▶ TASK DESCRIPTION
From the material below, reproduce exactly the stretch of lines that begins with the line holding "rundes Edelstahlgehäuse, Automatik, 42" and ends with the line holding "- Два ящика: ідеально", skipping the pictures.

▶ MATERIAL PROVIDED
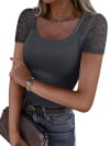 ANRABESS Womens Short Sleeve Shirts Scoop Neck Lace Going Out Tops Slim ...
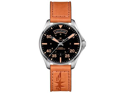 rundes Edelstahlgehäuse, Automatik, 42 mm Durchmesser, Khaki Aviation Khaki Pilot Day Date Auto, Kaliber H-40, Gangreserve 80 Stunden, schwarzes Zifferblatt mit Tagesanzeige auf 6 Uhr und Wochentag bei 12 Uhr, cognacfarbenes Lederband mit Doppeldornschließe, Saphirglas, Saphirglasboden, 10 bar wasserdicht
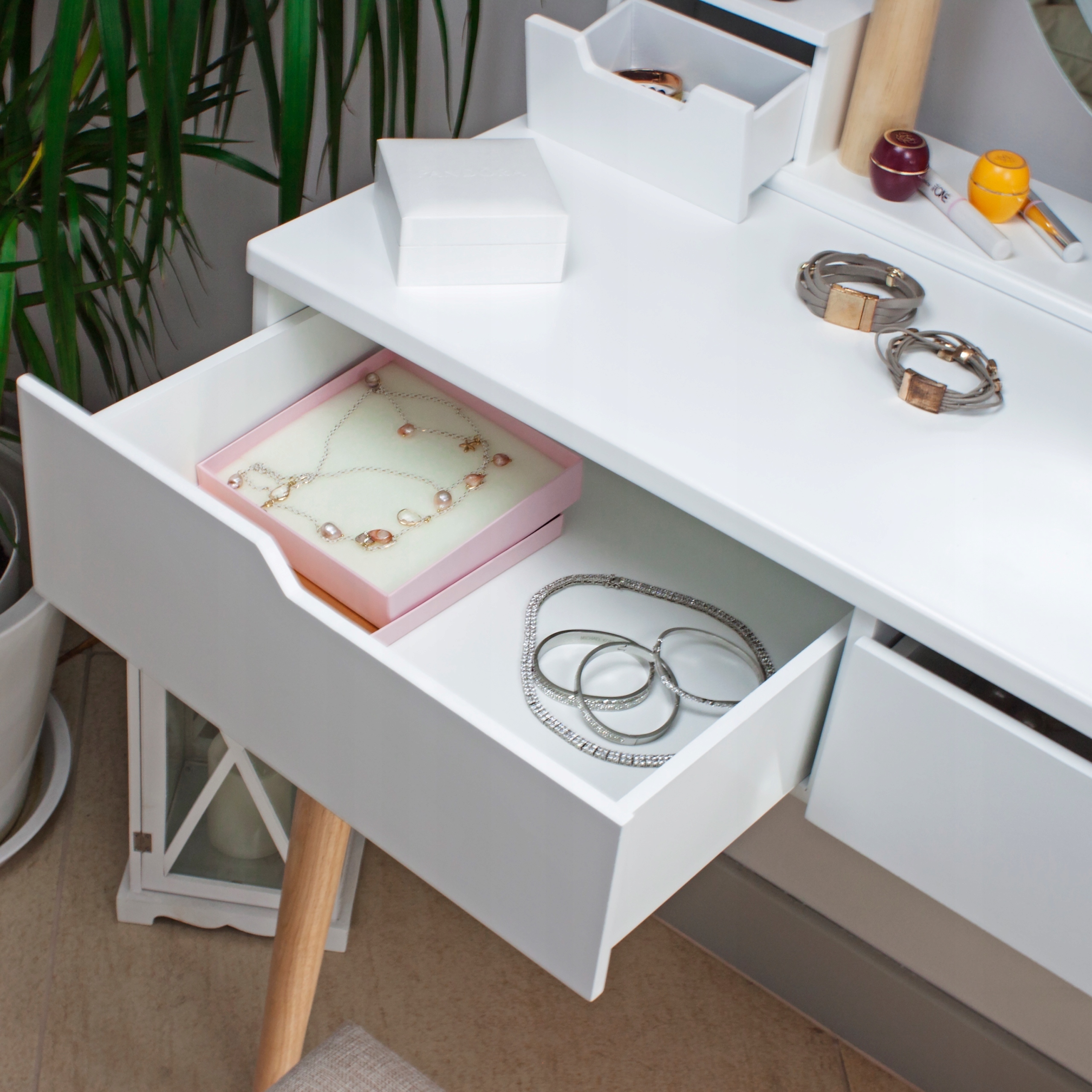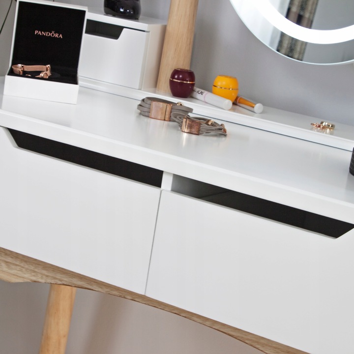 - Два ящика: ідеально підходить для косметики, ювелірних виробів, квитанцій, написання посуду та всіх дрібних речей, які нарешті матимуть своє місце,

...

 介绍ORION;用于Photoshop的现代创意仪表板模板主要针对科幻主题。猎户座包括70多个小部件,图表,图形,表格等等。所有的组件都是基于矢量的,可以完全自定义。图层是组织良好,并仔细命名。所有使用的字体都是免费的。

▶ RESULT FOR THIS EXERCISE
 rundes Edelstahlgehäuse, Automatik, 42 mm Durchmesser, Khaki Aviation Khaki Pilot Day Date Auto, Kaliber H-40, Gangreserve 80 Stunden, schwarzes Zifferblatt mit Tagesanzeige auf 6 Uhr und Wochentag bei 12 Uhr, cognacfarbenes Lederband mit Doppeldornschließe, Saphirglas, Saphirglasboden, 10 bar wasserdicht
 - Два ящика: ідеально підходить для косметики, ювелірних виробів, квитанцій, написання посуду та всіх дрібних речей, які нарешті матимуть своє місце,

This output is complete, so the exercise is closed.